Ask HN: What share of software you use is American? - andreev_io
How much of the software you use daily is backed by a US-based company? Has the number been changing over the years?<p>Given that we all are in the same information bubble, I wonder if we are over- or underestimating the lead of the US software industry.
======
open-source-ux
The interesting question for me is: big vs small companies. Can small
companies successfully carve a slice out of a industry dominated by large
companies? Has that happened? Or do big companies still dominate?

Anyway, to your actually question...I like to keep an eye on visual design or
illustration apps, and the picture is quite varied.

Adobe continues to dominate with their suite of creative apps. But they are
playing catch-up in some areas. Sketch (Netherlands) and now Figma (US) both
dominate apps for UI design. Adobe XD is popular (Adobe made it free to
encourage adoption) but it doesn't enjoy the same "mindshare" among designers
and it doesn't appear to be displacing Sketch or Figma.

On the iPad, Procreate (Australia) has become incredibly popular for digital
illustration.
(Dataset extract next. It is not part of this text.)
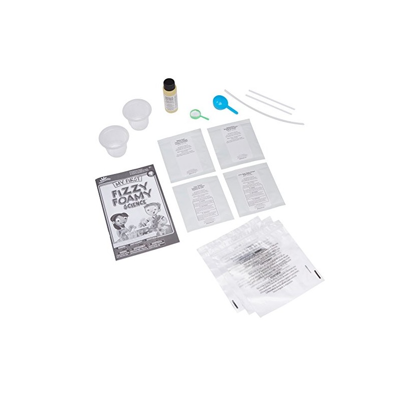 Scientific Explorer My First Fizzy Foamy Science Kit will have children young and old mixing safe powders to create solutions that foam and fizz! In this educational, make-it-yourself kit you’ll make bubbles and even make an erupting volcano! Along the way, you’ll learn some cool science about fizz and foam and how to make it bigger and better. In each of the 7 activities, your child will get to act and think like a real scientist. Foamy Science includes vegetable oil (2oz.), citric acid (0.78oz.), baking soda (1oz.), baking yeast (0.25oz.), 3 color tablets, 3 plastic bags, 2 plastic cups, 2 sticks, a magnifier, measuring spoon, straw and 11-page activity guide. Recommended for children 6 years of age and older.

Adobe recently launched their own digital app called Fresco
clearly taking aim at Procreate. It's too early to see how Fresco will do, but
I can't see it displacing the popularity of Procreate.
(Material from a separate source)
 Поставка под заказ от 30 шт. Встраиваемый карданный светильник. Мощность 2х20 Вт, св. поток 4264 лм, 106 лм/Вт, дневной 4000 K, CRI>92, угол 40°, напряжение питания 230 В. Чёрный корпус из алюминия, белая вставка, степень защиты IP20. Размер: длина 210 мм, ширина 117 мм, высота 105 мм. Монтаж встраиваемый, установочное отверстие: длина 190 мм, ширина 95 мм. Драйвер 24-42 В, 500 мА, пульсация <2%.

I also can't see Photoshop, Illustrator or InDesign losing any significant
market share, but the Affinity suite of apps (Designer, Photo and Publisher)
made by Serif (UK) has been hugely successful. I sense some designers (many?)
would like to ditch Adobe if they could find suitable alternatives.

There is no real competitor to After Effects for professional 2D motion
graphics, but there is a promising new 2D animation tool called Cavalry made
by Mainframe (UK). It's in beta so too early to know what will happen.
Blackmagic Design (Australia) make a combined video editor and compositing
tool called DaVinci Resolve which does let you create motion graphics. DaVinci
Resolve is a professional-level editor using in the film and TV industry.

There are dozens of other paining and drawing apps that have carved out a
niche. For comics, Clip Studio Paint (Japan) is popular. Other drawing tools
from Japan include MediBang Paint and Paint Tool SAI which are popular for
creating manga.

So to sum up, Adobe still dominates, but smaller companies are gaining
popularity and usage.